You’re reading an excerpt of The Holloway Guide to Technical Recruiting and Hiring, a book by Osman (Ozzie) Osman and over 45 other contributors. It is the most authoritative resource on growing software engineering teams effectively, written by and for hiring managers, recruiters, interviewers, and candidates. Purchase the book to support the author and the ad-free Holloway reading experience. You get instant digital access, over 800 links and references, commentary and future updates, and a high-quality PDF download.

When interviewers know what to expect from interview questions—what makes an answer “poor,” “fair,” “good,” or “excellent”—they are less likely to let noise and bias slip into their evaluations. Rubrics are systems that make it easier for interviewers to provide and discuss feedback on candidates, because everyone will be working from the same set of expectations.

A rubric is a set of guidance, usually written, for evaluating candidate’s answers to interview questions. Included in this guidance may be examples of answers at different quality levels, or prompts to help the interviewer perform their assessment. Rubrics may also provide interviewers with a series of questions to use, typically of increasing difficulty.

In a structured interview, rubrics are essential to keep interviewers on track and ensure an effective and fair process. Even with a rubric, it can be tricky to specify exactly what a good or bad performance looks like—there’s always variation in each individual and room for human judgment or interpretation. You might think of rubrics as a starting point to help foster fair and productive interviews and evaluations.

There are many ways to write technical and nontechnical rubrics, and every company has their own method.

Building Rubrics

Teams design rubrics differently. Rubrics can be perfunctory, with just a list of questions to ask and simple pass/fail boxes to check, or they can be detailed, including briefs on why each question is being asked, descriptions of what different levels of success are for each question, and/or what would be expected of different candidate levels for each question. The more detailed the rubric, the more fair and systematic the process—but the greater the challenge of designing and maintaining it.

Rubrics do not remove the need for flexibility in any given interview. They help you to score a candidate’s progress through a question, and can even allow you to be more flexible by preparing you to pivot when something unexpected comes up.

story “All good questions have variable depth. Like, there’s a point halfway through the question where it’s clear the person’s not going to get through it. So you might have a 20-minute version of a 60-minute question. That can go the other way, ‘This person is going through this so fast, let’s make it harder.’ It’s like a rip cord, where 15 minutes in I know whether I can pivot to the shorter version or longer, or end it, or add the next layer of the onion. It’s about preparing to offer extensible difficulty, variable difficulty.” —Scott Woody, former Director of Engineering, Dropbox

story “One way to increase the reach of a question bank is to structure the rubric to call out what answers you would expect at what candidate level. This can help minimize bias (everyone knows what ‘senior’ means for this), and, where it makes sense, reduces the need to have different question sets for different levels.” —Ryn Daniels, Senior Software Engineer, HashiCorp

A Sample Technical Question Rubric

Question: Write a program that prints out the elements of a binary tree in order.

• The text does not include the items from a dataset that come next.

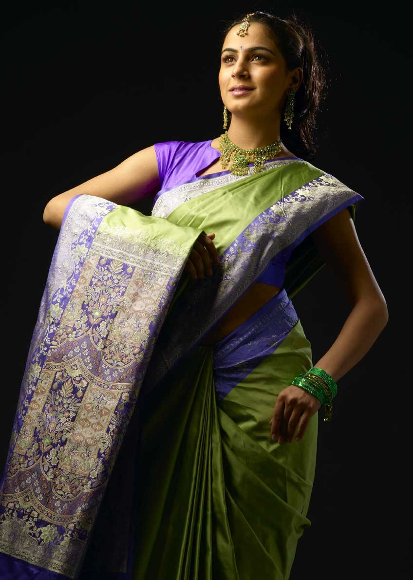 Actress Shradha Arya in an Indian Saree [Traditional dress]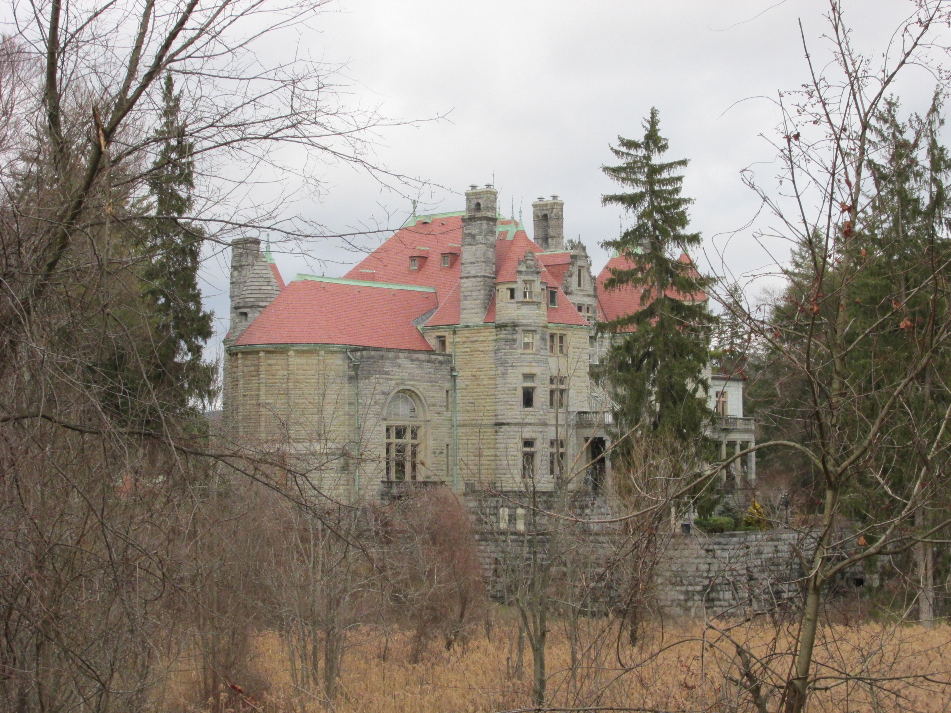 Searles Castle, Great Barrington Massachusetts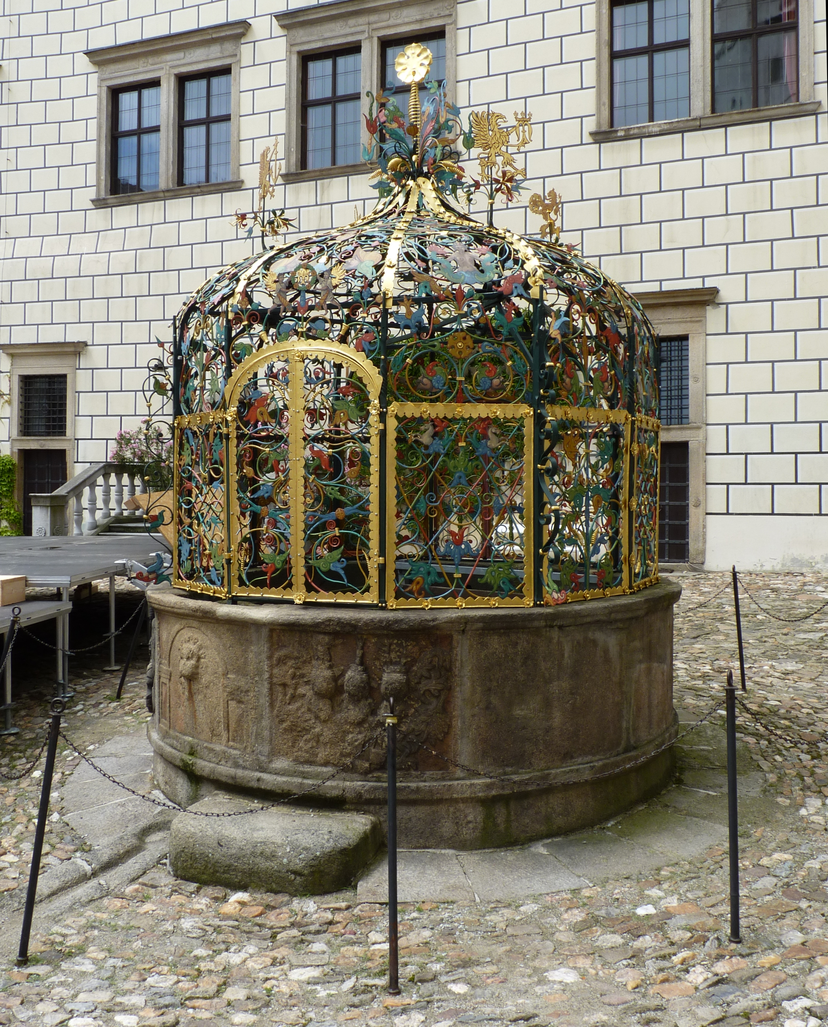 Castle in Jindřichův Hradec. Jindřichův Hradec District, South Bohemian Region, Czech Republic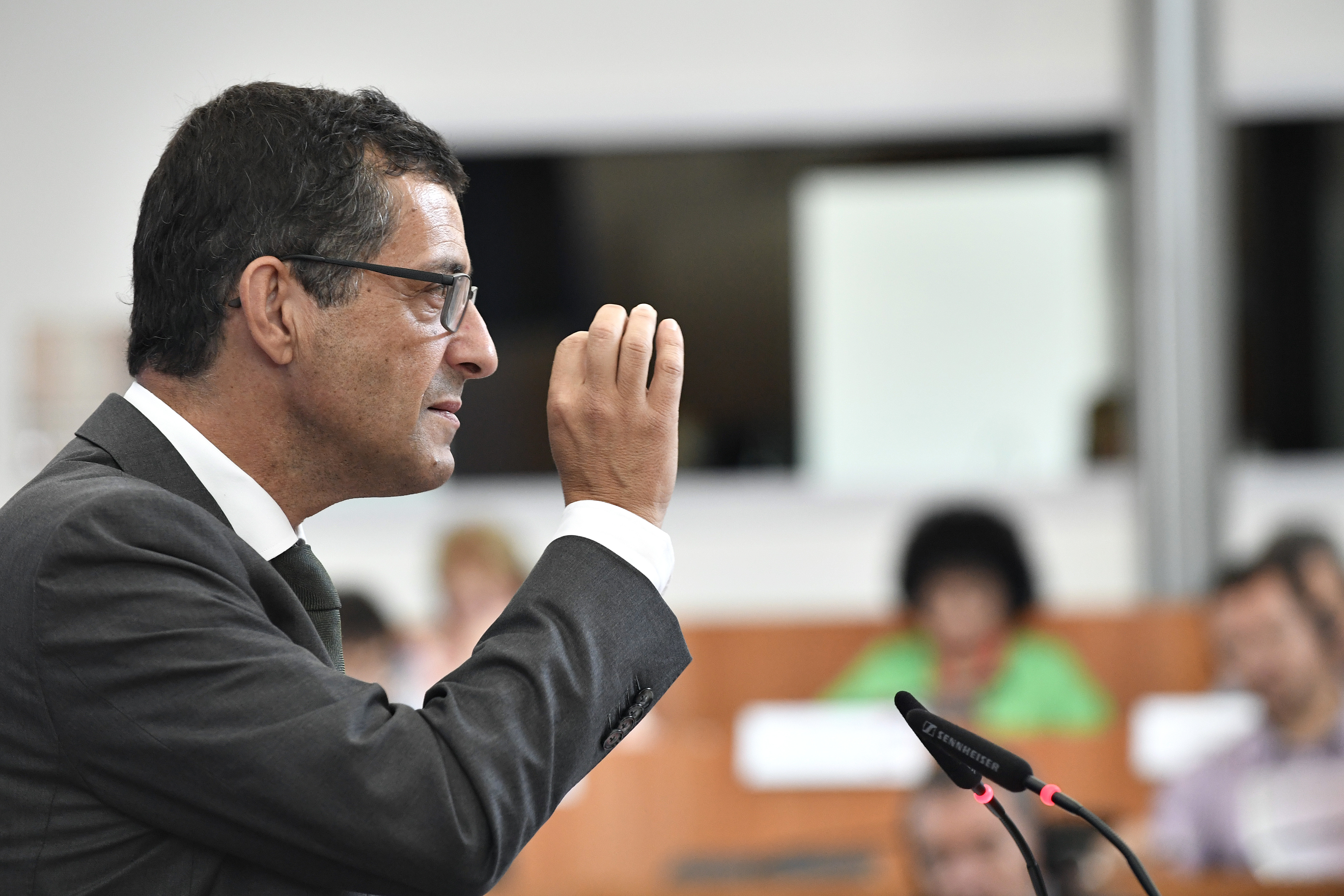 Seminar of the PES Group in the European Committee of the Regions Parliament of the Brussels Capital Region Brussels, 21 June 2017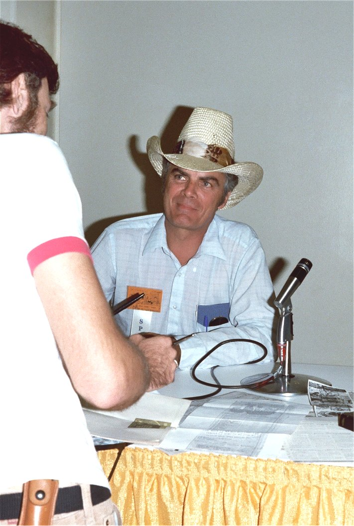 Stan Lynde, creator of Rick O'Shay. Acording to the pictures in the same set on "San Diego Comic-Con" 1982. (today Comic-Con International)

What we are looking for in this question:

  • The candidate asks appropriate clarifying questions, such as what data type is stored in the tree and what the output format should be.

  • The candidate is able to independently write the initial version of the program without significant interviewer intervention or coaching.

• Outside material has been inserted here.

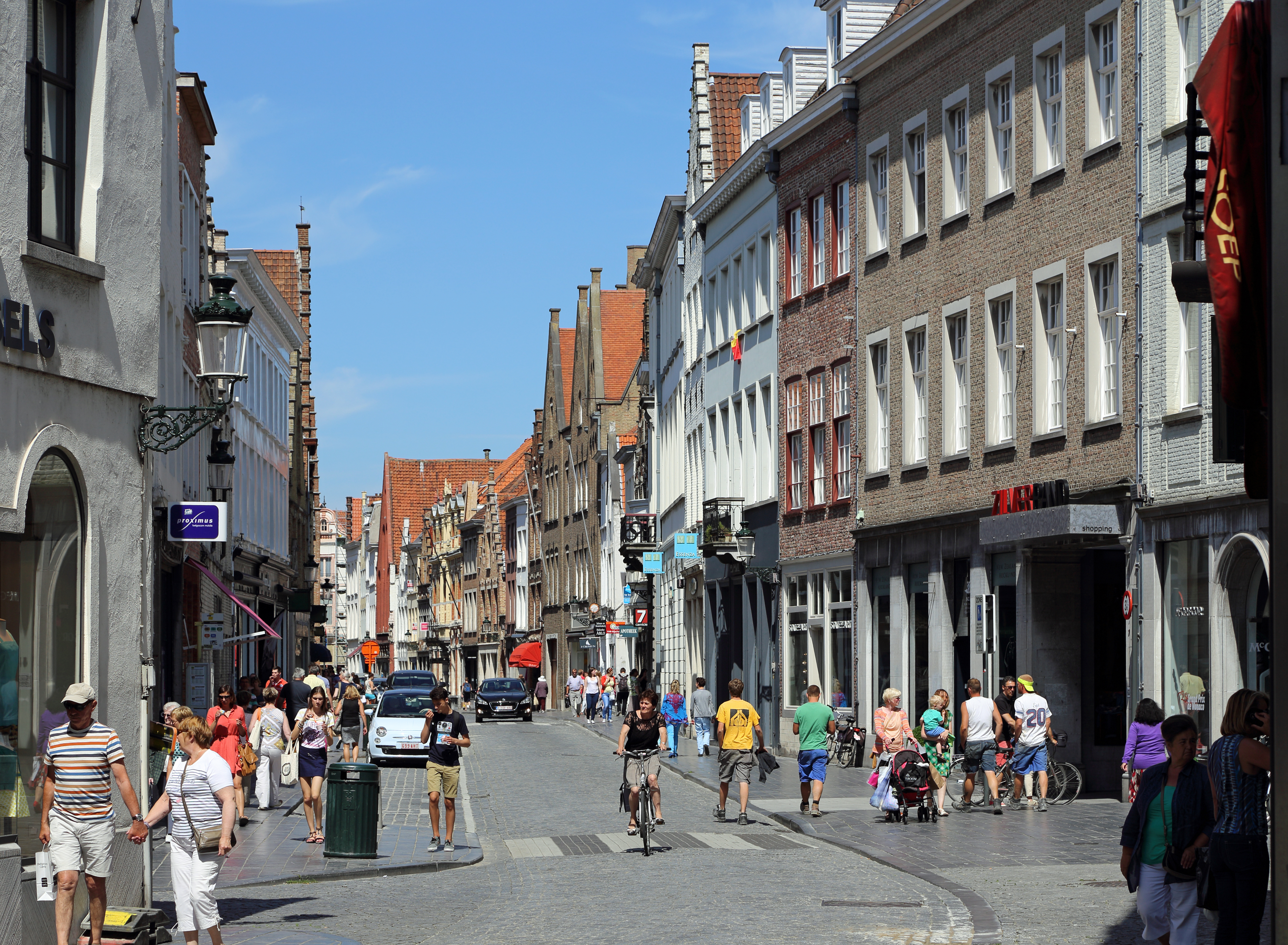 Bruges (Belgium): Noordzandstraat

  • There are either no bugs, or the candidate is able to find and fix all of their bugs in a proactive, independent fashion (that is, the interviewer does not have to point out that there is a bug or give them a test case).

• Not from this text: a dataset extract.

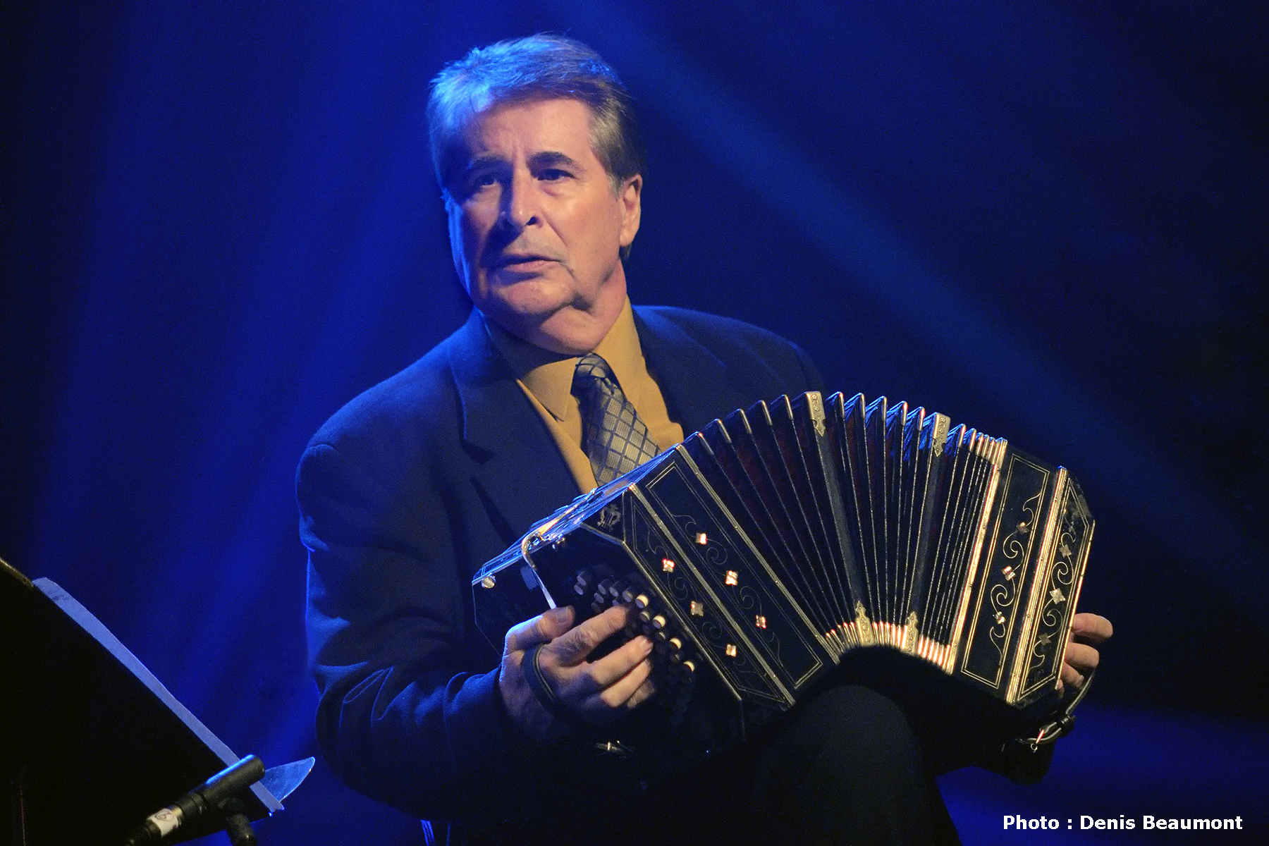 Tango musician & composer

  • The candidate uses all language features in an appropriate way—it’s OK if they make syntax errors or don’t know the names of library functions.

  • The candidate is able to describe the Big O notation performance of their program accurately, and they do not use unnecessary memory or do inefficient operations such as visiting a node multiple times.

  • An excellent performance: Requires hitting all of the above bullets, and will typically result in a “solid yes” for the candidate.

  • A good performance: Requires at least four of the five bullets—typically, someone can get a “good” rating as long as the issues are largely in making up-front assumptions rather than having significant bugs or logic errors. A good performance will typically result in a “weak yes” for the candidate. The simplicity of this question means that somewhat shaky performance can also result in a “weak no.”

  • A fair performance: The answer fails on multiple topics, such as having multiple bugs and also not being able to describe the Big O performance. A fair performance on a question this easy should result in a “solid no” for the candidate.

  • A poor performance: The candidate cannot complete the problem, even with significant hinting.

important Note that in many technical questions, the rubric will get more technically specific about exactly what kinds of answers are or are not OK for each level. This question happens to be a simple one, so it doesn’t demonstrate much detail.

Evaluating Coding Questions

When writing rubrics for coding questions, keep in mind that there is a great deal more to assessment than whether or not the candidate solved the problem. Interviewers might want to evaluate the following, for example: Was the code well written? Did the candidate reason through the problem well? Did they do a good job of evaluating their own code’s correctness? Were they able to answer follow-up questions?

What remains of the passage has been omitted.